* How to complete this task: Among the records that follow, find the line with "Uniview 4CH POE" and the line with "English: Adélie penguins". Set down those lines and all lines between them exactly, without adding anything.

* Data shown:

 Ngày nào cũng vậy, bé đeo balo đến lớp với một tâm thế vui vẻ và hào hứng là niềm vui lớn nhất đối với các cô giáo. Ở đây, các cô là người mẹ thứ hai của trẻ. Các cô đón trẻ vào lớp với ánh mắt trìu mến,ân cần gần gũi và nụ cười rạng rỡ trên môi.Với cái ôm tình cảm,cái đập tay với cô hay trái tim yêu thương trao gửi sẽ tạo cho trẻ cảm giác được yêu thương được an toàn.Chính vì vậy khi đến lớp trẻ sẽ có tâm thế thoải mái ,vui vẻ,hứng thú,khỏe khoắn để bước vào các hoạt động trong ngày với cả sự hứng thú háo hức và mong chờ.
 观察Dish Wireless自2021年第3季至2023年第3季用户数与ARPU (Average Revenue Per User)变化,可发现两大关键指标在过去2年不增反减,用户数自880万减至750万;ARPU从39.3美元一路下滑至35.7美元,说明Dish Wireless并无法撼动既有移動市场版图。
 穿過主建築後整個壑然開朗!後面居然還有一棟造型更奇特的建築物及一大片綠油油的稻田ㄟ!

* * *

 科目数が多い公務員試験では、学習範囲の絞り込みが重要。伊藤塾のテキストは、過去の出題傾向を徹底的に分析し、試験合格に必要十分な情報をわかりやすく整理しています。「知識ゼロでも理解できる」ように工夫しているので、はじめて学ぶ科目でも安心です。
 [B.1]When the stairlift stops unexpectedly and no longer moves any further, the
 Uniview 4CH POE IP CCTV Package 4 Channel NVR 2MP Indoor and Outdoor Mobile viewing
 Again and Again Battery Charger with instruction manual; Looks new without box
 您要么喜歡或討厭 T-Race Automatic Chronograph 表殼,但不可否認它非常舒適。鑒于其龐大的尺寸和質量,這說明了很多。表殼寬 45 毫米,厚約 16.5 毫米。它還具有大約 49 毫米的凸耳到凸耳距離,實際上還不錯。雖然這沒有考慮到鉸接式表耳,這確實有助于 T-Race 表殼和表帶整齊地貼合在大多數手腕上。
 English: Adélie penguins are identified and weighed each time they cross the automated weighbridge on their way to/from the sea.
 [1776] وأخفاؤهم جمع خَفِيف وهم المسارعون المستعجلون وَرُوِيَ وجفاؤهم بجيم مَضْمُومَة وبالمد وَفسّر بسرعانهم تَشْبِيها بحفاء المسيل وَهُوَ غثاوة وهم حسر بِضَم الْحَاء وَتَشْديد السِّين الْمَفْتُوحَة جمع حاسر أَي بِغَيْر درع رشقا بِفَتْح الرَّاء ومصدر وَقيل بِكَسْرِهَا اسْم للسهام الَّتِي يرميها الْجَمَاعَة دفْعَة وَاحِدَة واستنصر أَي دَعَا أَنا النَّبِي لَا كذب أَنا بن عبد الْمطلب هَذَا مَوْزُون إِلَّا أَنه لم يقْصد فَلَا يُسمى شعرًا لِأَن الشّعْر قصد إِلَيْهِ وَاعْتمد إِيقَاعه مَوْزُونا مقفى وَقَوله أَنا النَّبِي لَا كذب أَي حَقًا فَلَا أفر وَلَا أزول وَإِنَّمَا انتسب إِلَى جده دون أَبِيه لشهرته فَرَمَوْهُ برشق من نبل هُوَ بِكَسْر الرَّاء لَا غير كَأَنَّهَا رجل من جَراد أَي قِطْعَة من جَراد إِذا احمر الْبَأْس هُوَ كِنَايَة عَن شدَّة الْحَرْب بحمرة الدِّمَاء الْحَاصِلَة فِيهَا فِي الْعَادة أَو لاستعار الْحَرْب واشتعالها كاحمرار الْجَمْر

--

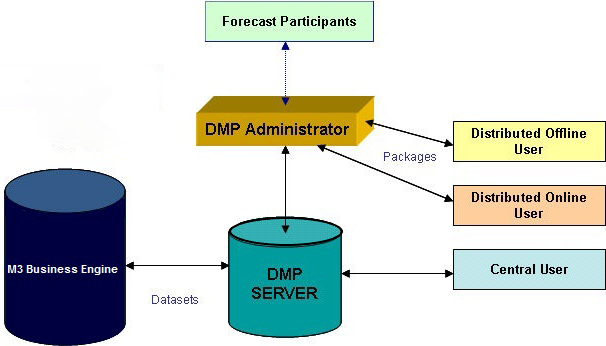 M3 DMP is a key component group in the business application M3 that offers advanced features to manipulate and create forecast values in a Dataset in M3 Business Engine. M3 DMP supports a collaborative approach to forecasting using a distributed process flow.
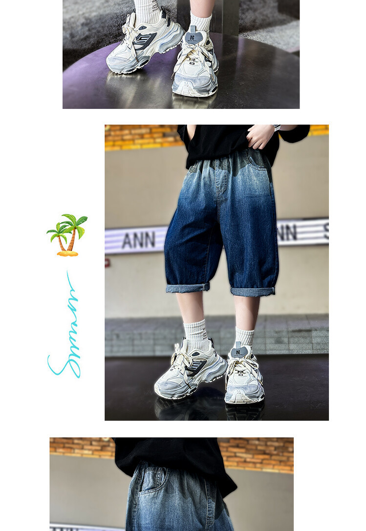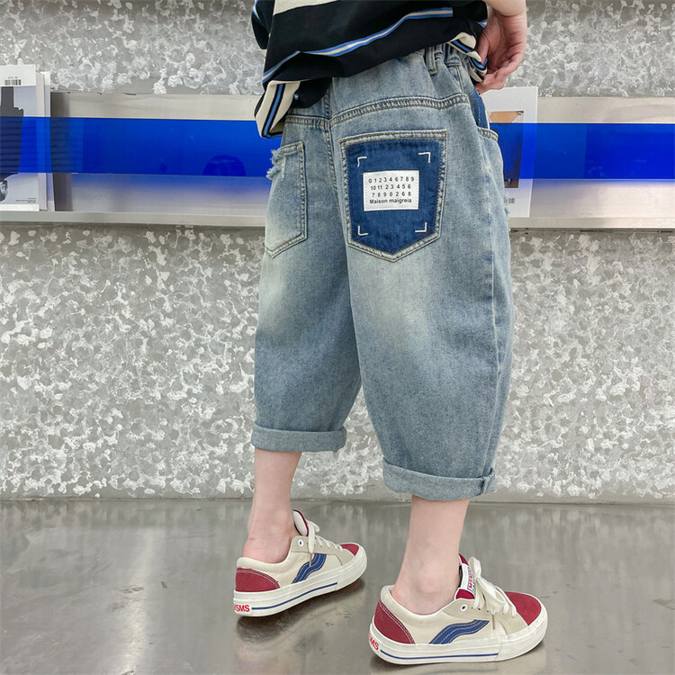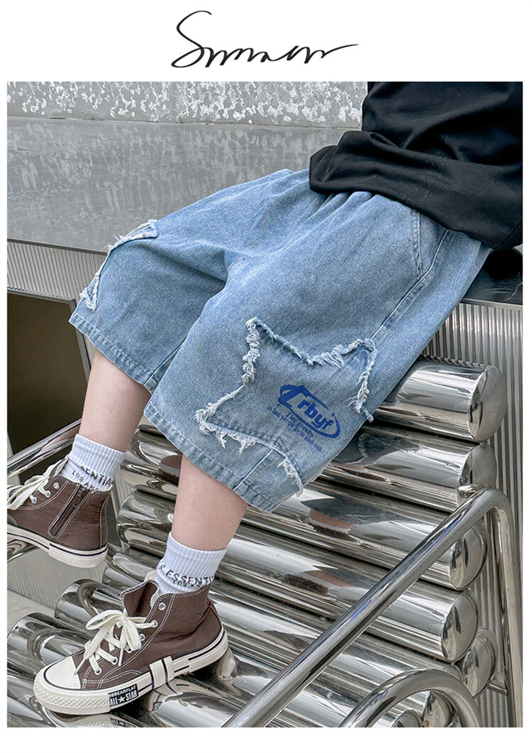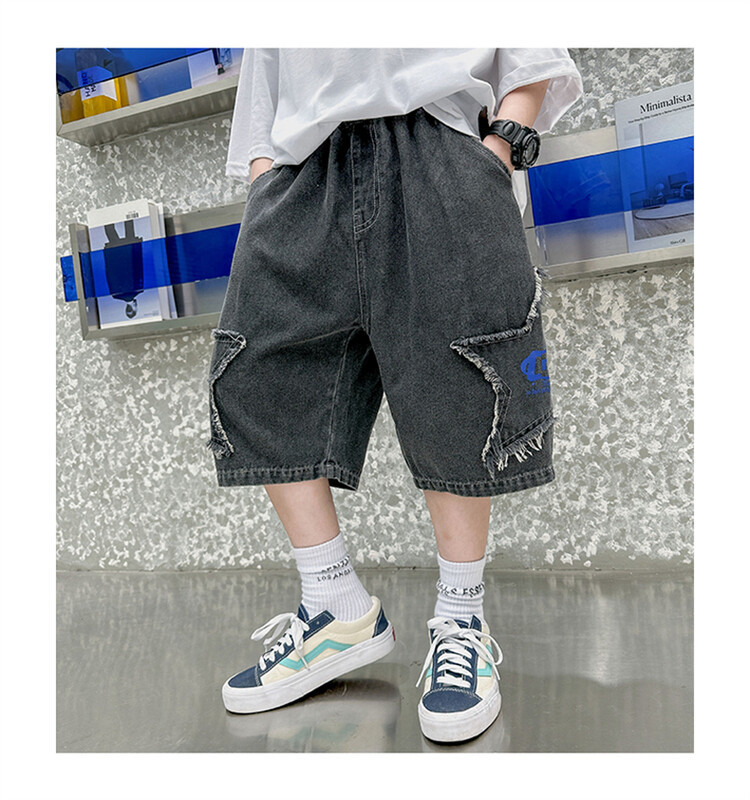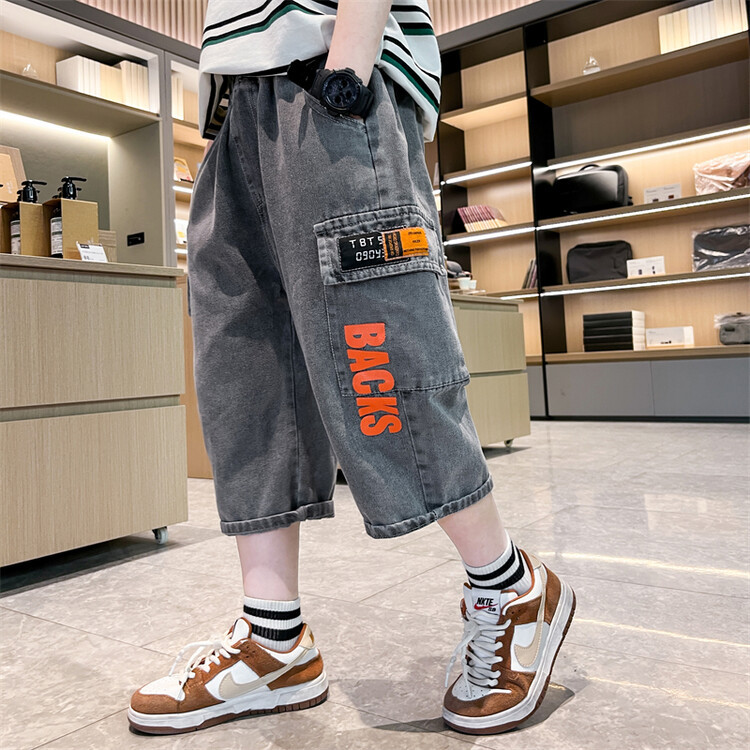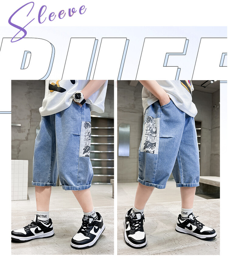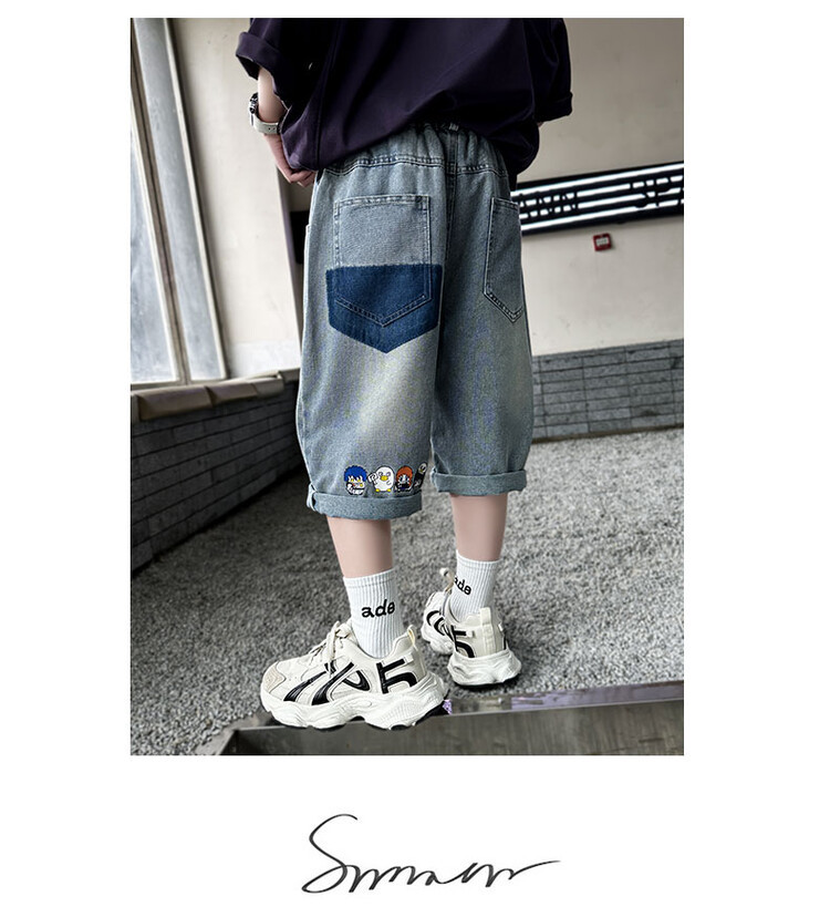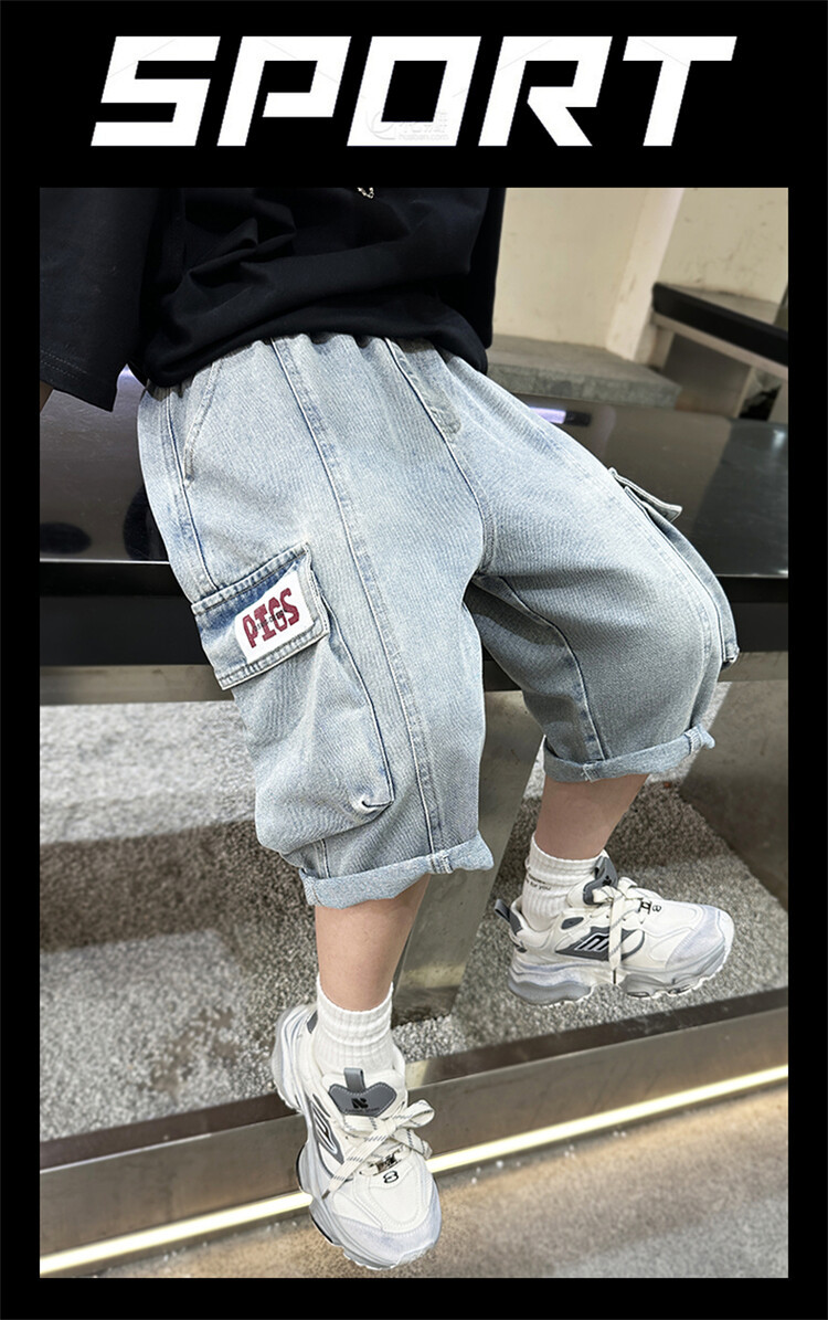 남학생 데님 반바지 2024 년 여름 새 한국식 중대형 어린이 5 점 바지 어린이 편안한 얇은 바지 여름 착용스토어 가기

* Solved problem:
 Uniview 4CH POE IP CCTV Package 4 Channel NVR 2MP Indoor and Outdoor Mobile viewing
 Again and Again Battery Charger with instruction manual; Looks new without box
 您要么喜歡或討厭 T-Race Automatic Chronograph 表殼,但不可否認它非常舒適。鑒于其龐大的尺寸和質量,這說明了很多。表殼寬 45 毫米,厚約 16.5 毫米。它還具有大約 49 毫米的凸耳到凸耳距離,實際上還不錯。雖然這沒有考慮到鉸接式表耳,這確實有助于 T-Race 表殼和表帶整齊地貼合在大多數手腕上。
 English: Adélie penguins are identified and weighed each time they cross the automated weighbridge on their way to/from the sea.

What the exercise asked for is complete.